AMY GOODMAN: As we wrap up, I just wanted to ask about John Kiriakou, Ray McGovern.

RAY McGOVERN: Yeah. Well, it’s the supreme irony that the only CIA official who actually exposed the torture regime, and inadvertently let slip the name of one of the torturers, who can be found in northern Virginia—I’ll give you his telephone number and address, if you like—he’s 30 months in a federal penitentiary. So—

AMY GOODMAN: Not the torturer, but the person who exposed him.

RAY McGOVERN: But the fellow who revealed the torturer. So, you know, if you want to be cynical or you want to repeat what Mike has said about showing this object lesson, they put him under indictment for violating the Espionage Act of 1917, which was designed for German spies, you know, to get German spies. And here, they threw the book at him. And he did a plea bargain where he got off late with 30 months. He’s got five kids, OK? He lives about two miles away from me. And he’s put away for 30 months, about halfway through his sentence. So, that’s what happens.

AMY GOODMAN: Because he explained what the context was?

RAY McGOVERN: Yeah, he said that waterboarding was going on and that it was torture. And then he said, by the—well, they charged him with giving the name of one of the torturers to the press. That—

AMY GOODMAN: And where was that torturer? Where did he engage in the torture?

RAY McGOVERN: He was kind of a super—a torture supervisor, you know, like a GS-15 torture supervisor—sorry. So, you know, he was very much involved in it. But, you know, one of the other ironies is his name never came out in the press. It was just given to one correspondent, and they got that from all these technical means that we’ve been talking about. And so, Kiriakou made one small mistake in that he gave it to a person who wasn’t very safe in guarding the information, and so they threw the book at him. They wanted to put him away for like 35 years, like they wanted to put Tom Drake away.
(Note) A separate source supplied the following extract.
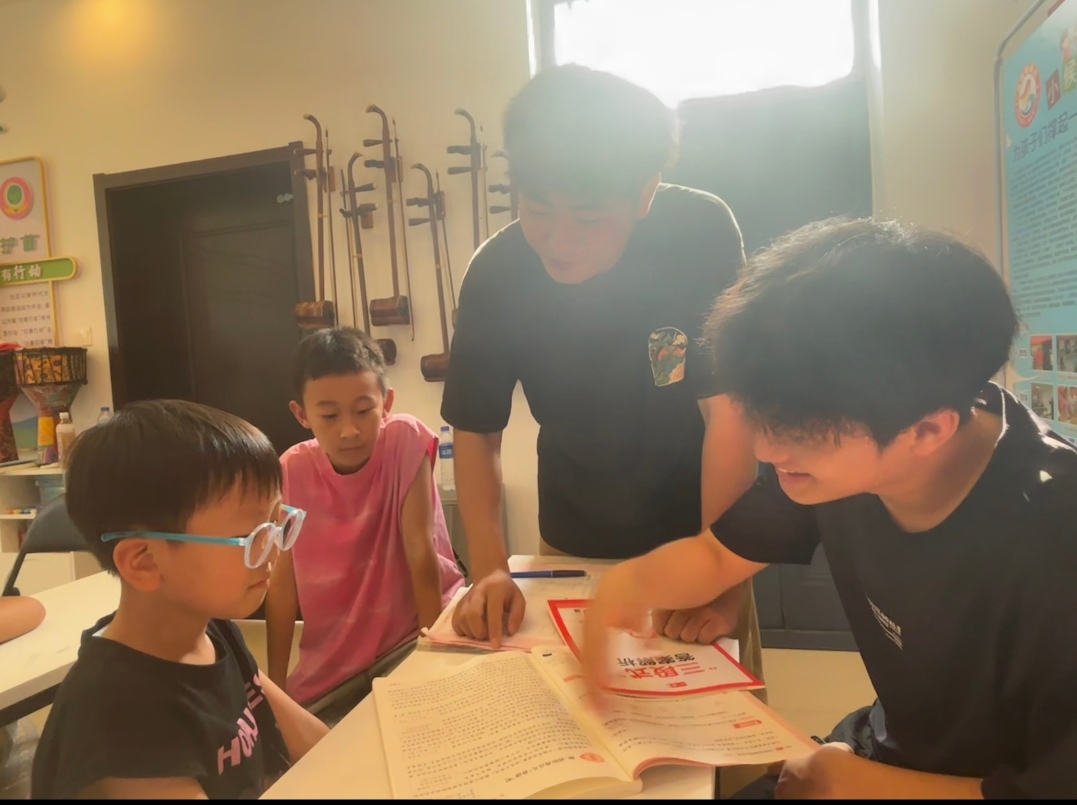 經(jīng)過兩天的趣味課程預(yù)熱,實(shí)踐團(tuán)隊(duì)于第三天、第四天轉(zhuǎn)入“課后作業(yè)輔導(dǎo)”環(huán)節(jié)。針對不同年級學(xué)生的學(xué)業(yè)需求,輔導(dǎo)員們分組開展輔導(dǎo),重點(diǎn)幫助孩子們梳理數(shù)學(xué)公式、講解語文閱讀技巧、鞏固英語單詞記憶。遇到復(fù)雜題目時,大學(xué)生們用“思維導(dǎo)圖”“情景代入”等方法拆解難點(diǎn),引導(dǎo)孩子們主動思考;對于基礎(chǔ)薄弱的學(xué)生,更是一對一耐心講解,鼓勵他們大膽提問。“大哥哥教我用畫圖法解應(yīng)用題,比課本上的方法更簡單!”五年級學(xué)生小宇說。輔導(dǎo)過程中,輔導(dǎo)員們還注重培養(yǎng)孩子們的學(xué)習(xí)習(xí)慣,提醒他們整理錯題、規(guī)劃時間,讓暑期學(xué)業(yè)復(fù)習(xí)更高效。

He plea-bargained, and so he got off light with 30 months.

AMY GOODMAN: And so he’s in prison today.


AMY GOODMAN: And the most important lesson you learned, Julia, in researching Dragnet Nation?

JULIA ANGWIN: What I learned was basically that there’s some things we can do ourselves, but in fact, if we really want to curb ubiquitous surveillance, the most important thing we need, actually, is we need some rights. We need due process for our data, because right now, when it’s used against us secretly, we often don’t know. We never see it, and we don’t have a right to challenge it. And I think that that’s not fair.
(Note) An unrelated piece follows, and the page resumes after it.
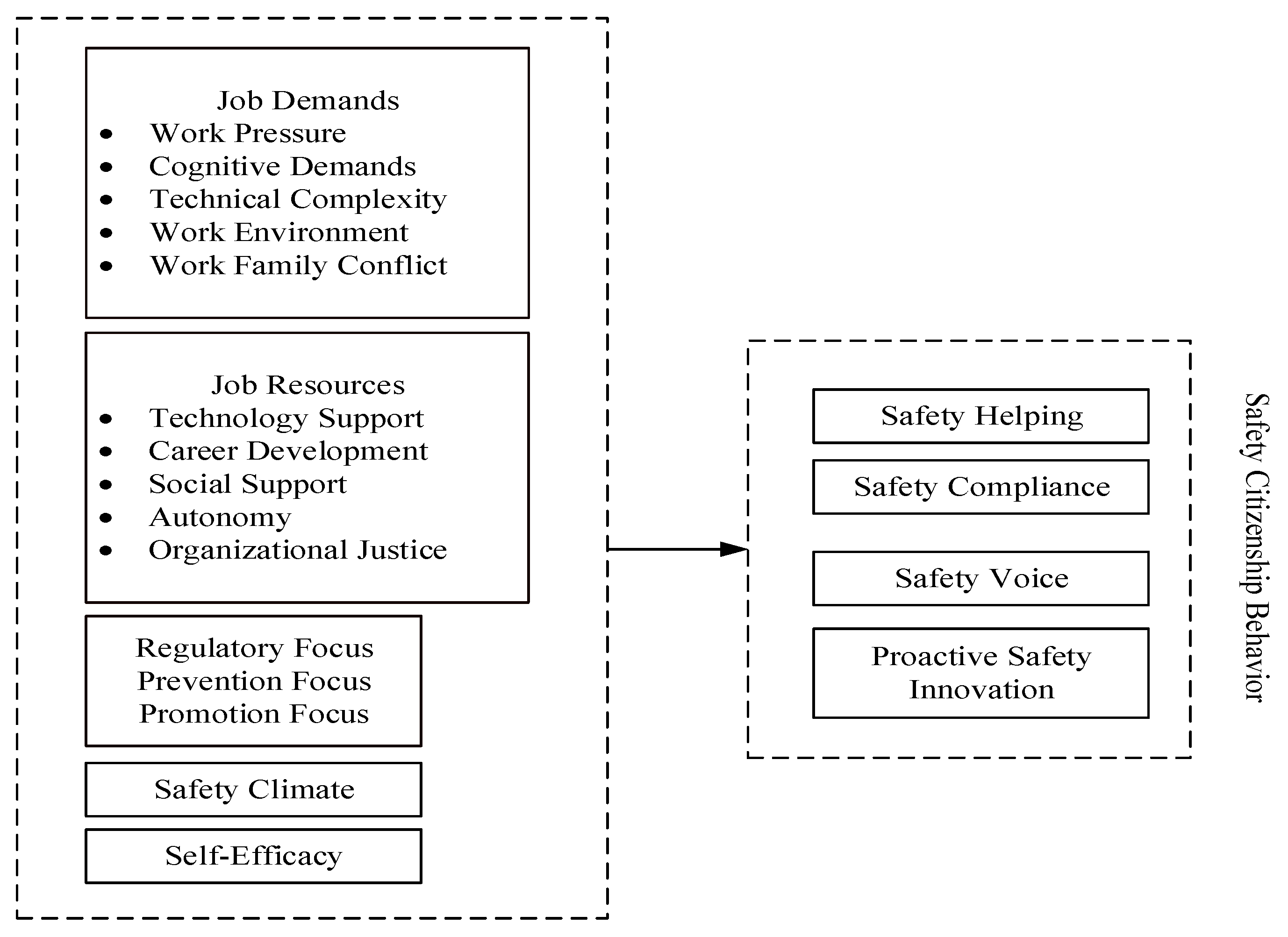 Table 6, Panel B. This finding indicates that, within the context of intelligent coal mines, safety-related citizen behavior is not solely driven by individual traits or demographic factors. Instead, it is more directly shaped by the interplay between job stress structures and accessible support resources. Further analysis through the JD-R lens suggests: when job demands increase while resource availability is insufficient, individuals are more likely to allocate their limited attention and energy toward “task completion and stress management,” thereby reducing the space for implementing extra-role safety behaviors. Conversely, when organizations provide sufficient resources (e.g., support, tools, autonomy, and development opportunities), individuals are more likely to internalize safety goals and adopt proactive safety behaviors. Crucially, the significance of the X

AMY GOODMAN: I want to thank you all for being with us. Mike German, longtime FBI agent. Julia Angwin, her new book is called Dragnet Nation: A Quest for Privacy, Security, and Freedom in a World of Relentless Surveillance. And thanks so much to Ray McGovern, former CIA analyst who recently returned from Russia, where he presented Edward Snowden with an award. That does it for this broadcast. I’m Amy Goodman, with Nermeen Shaikh.